:: Records shown ::
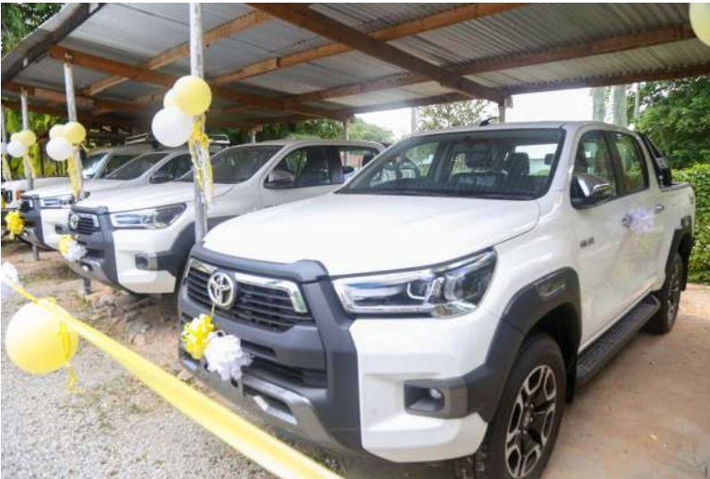
Picha Na. 6: Magari mapya manne (4) kwa ajili ya kuimarisha shughuli za utafiti GST.

73. Mheshimiwa Spika, Wizara imeendelea kuhakikisha kuwa Taasisi zilizo chini yake zinatekeleza majukumu yake kwa ufanisi na kuzipatia vitendea kazi. Tume ya Madini imewezeshwa vifaa vya masoko na TEHAMA; STAMICO imewezeshwa kupata leseni mbili za utafiti wa madini ya nikeli na adimu (REE); GST imewezeshwa upatikanaji wa vitendea kazi kwa ajili ya utafiti wa madini ikiwemo magari manne (4); TGC imewezeshwa kuboresha miundombinu ya kutolea mafunzo, huduma za uzalishaji wa bidhaa kwa lengo la kukuza shughuli za uongezaji thamani madini nchini; na TEITI imewezeshwa kwa kupewa jengo kwa ajili ya ofisi lililopo mji wa Serikali Mtumba.
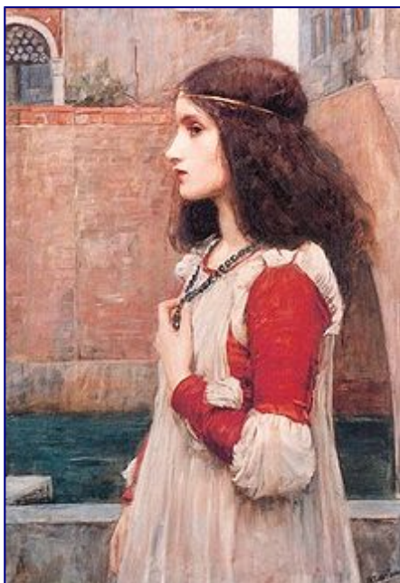
Niebieski naszyjnik - Julia , John William Waterhouse, 1898

Julia Kapulet , także Julia Capuleti - fikcyjna postać z tragedii pod tytułem Romeo i Julia . W pierwszych wydaniach tego utworu jej imię brzmiało Julietta
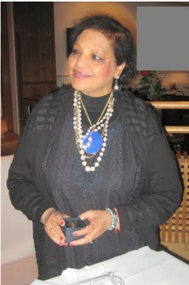
Vierailun päätteeksi IIW:n presidentille luovutettiin

Maanantaiaamuna oli presidentillä aikainen herätys. Lento seuraavaan kohteeseen nousi ilmaan Helsinki-Vantaalta kello 8 ja päätti Suomen vierailun.
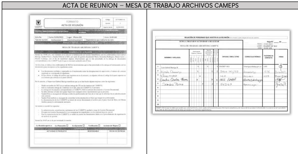
Imagen No.4- Evidencia de la reunión sostenida con los supervisores de los Contratos CAMEPS.
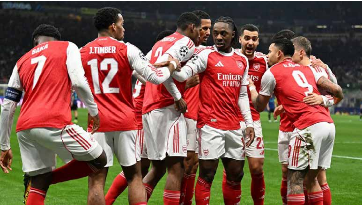
Gabriel Jesus faz dois, Arsenal chega à 7ª vitória consecutiva e de quebra se classifica para as Oitavas da Champions

pital enfrentar a quarta colocada, a Roma. O terceiro colocado, Napoli, vai a Turim enfrentar a Juventus, quinta colocada na tabela de classificação. Esta é uma rodada que poderá mexer bastante na tabela de classificação.
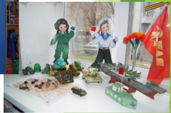
Праздник День Победы: выставка рисунков, поделок, книг, открыток, медалей, орденов.
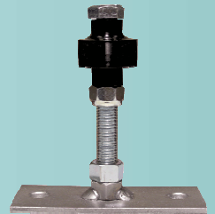
GUIDEP : Guide de porte à Olive à visser

PORTE COUPE - FEU NE METTEZ PAS D'OBSTACLES A LA FERMETURE
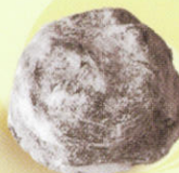
Truffe marc de champagne nuage sucre glace
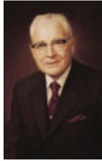
Harold B. Lee
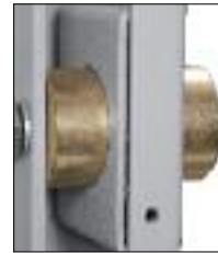
Doppelte Riegelbolzenführung mit 40 mm Bolzen
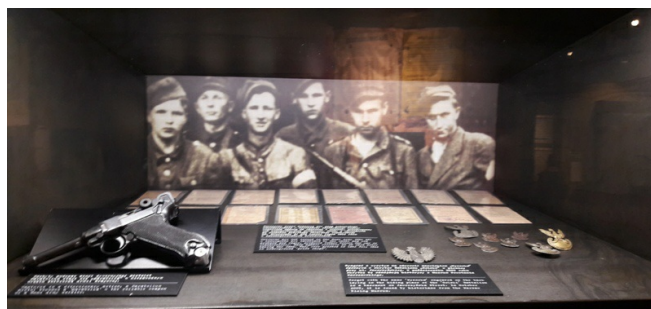
Niemie świadkowie historii
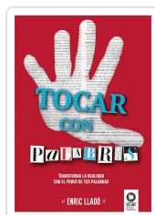
TOCAR CON PALABRAS LLADO MICHELÍ, ENRIC
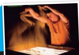
PREMIO FETÉN 2015, POLA SÚA ORIGINALIDADE, PRECISIÓN E MUSICALIDADE
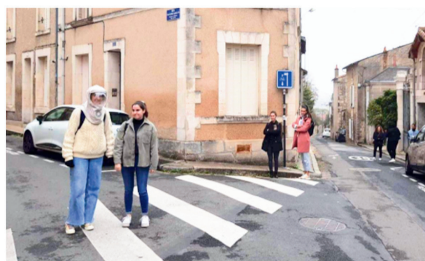
Importance des réactions en fonction des situations

Le rideau 1 représente la famille et les personnes qui marchent à côté du XP, le rideau 2 représente la famille ou les personnes qui marchent à quelques mètres derrière le XP. En effet les personnes réagissent souvent après avoir croisé le XP.
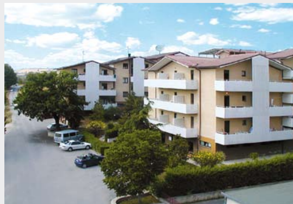
Il residence "Le Magnolie" che ospita le aule della scuola e gli alloggi degli studenti.
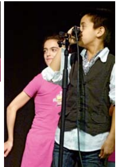
Fetzige Rhythmen vom Leadsänger

ner im neuen Gebäude Jugendmusikschule, Kita und Schulärztlichen Dienst. Und die Schulleiterin sprach einen herzlichen Dank aus: an die Kolleginnen und Kollegen, an Schulbau Hamburg und nicht zuletzt an die Geldgeber!
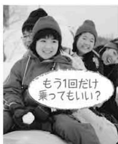
もう1回だけ乗ってもいい?
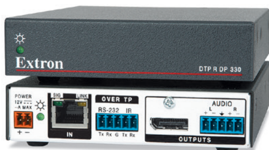
DTP R DP 4K 330

Extron DTP DP 4K 330 延长器可通过单根 CATx 屏蔽电缆将 DisplayPort、模拟音频和双向控制信号传送到 100 m (330') 远的距离。这款符合 HDCP 标准的紧凑型延长器，能隐蔽地安装在多种应用环境中。
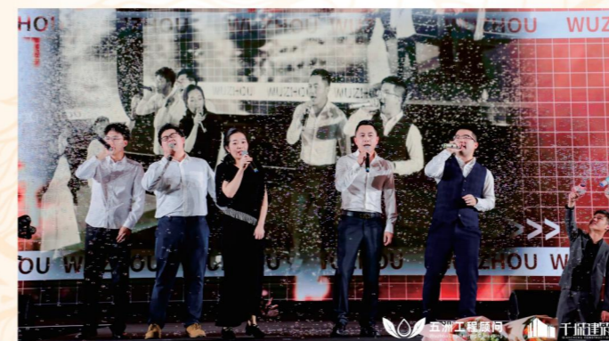
▲ 千城建筑选送节目《繁花》
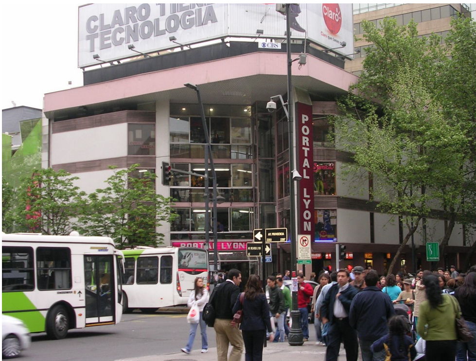
9. Portal Lyon
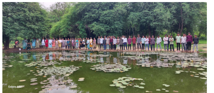
ડી.એલ.એડના પ્રથમ વર્ષના પ્રશિક્ષણાર્થીઓનું સંસ્થા દર્શન
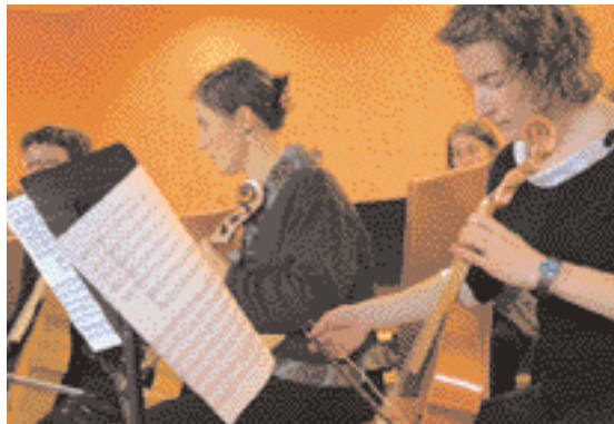
Les élèves des classes de musique ancienne en concert.
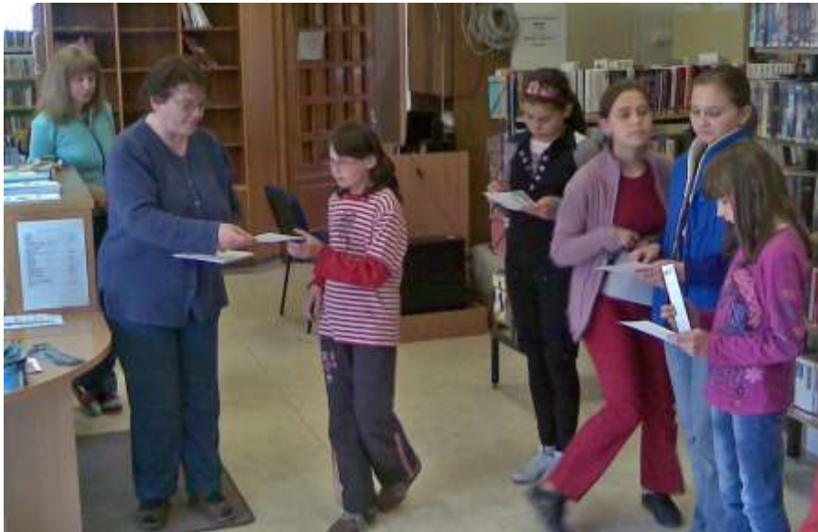
A vetélkedő díjazottjai
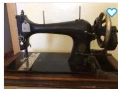
Швейная машинка Singer (Зингер)
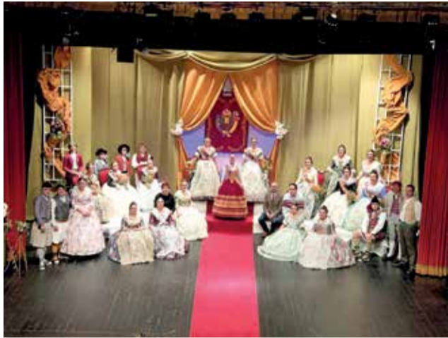
Un momento durante la proclamación.

Un evento en el que se dieron cita cientos de representantes del mundo fallero: integrantes de las tres comisiones falleras mayores e infantiles de Utiel, de Juntas Locales Falleras de
:::
What you will do:
Lines holding the word "shughuli" are the answer; copy every one from the records above.

Task response:
Picha Na. 6: Magari mapya manne (4) kwa ajili ya kuimarisha shughuli za utafiti GST.
73. Mheshimiwa Spika, Wizara imeendelea kuhakikisha kuwa Taasisi zilizo chini yake zinatekeleza majukumu yake kwa ufanisi na kuzipatia vitendea kazi. Tume ya Madini imewezeshwa vifaa vya masoko na TEHAMA; STAMICO imewezeshwa kupata leseni mbili za utafiti wa madini ya nikeli na adimu (REE); GST imewezeshwa upatikanaji wa vitendea kazi kwa ajili ya utafiti wa madini ikiwemo magari manne (4); TGC imewezeshwa kuboresha miundombinu ya kutolea mafunzo, huduma za uzalishaji wa bidhaa kwa lengo la kukuza shughuli za uongezaji thamani madini nchini; na TEITI imewezeshwa kwa kupewa jengo kwa ajili ya ofisi lililopo mji wa Serikali Mtumba.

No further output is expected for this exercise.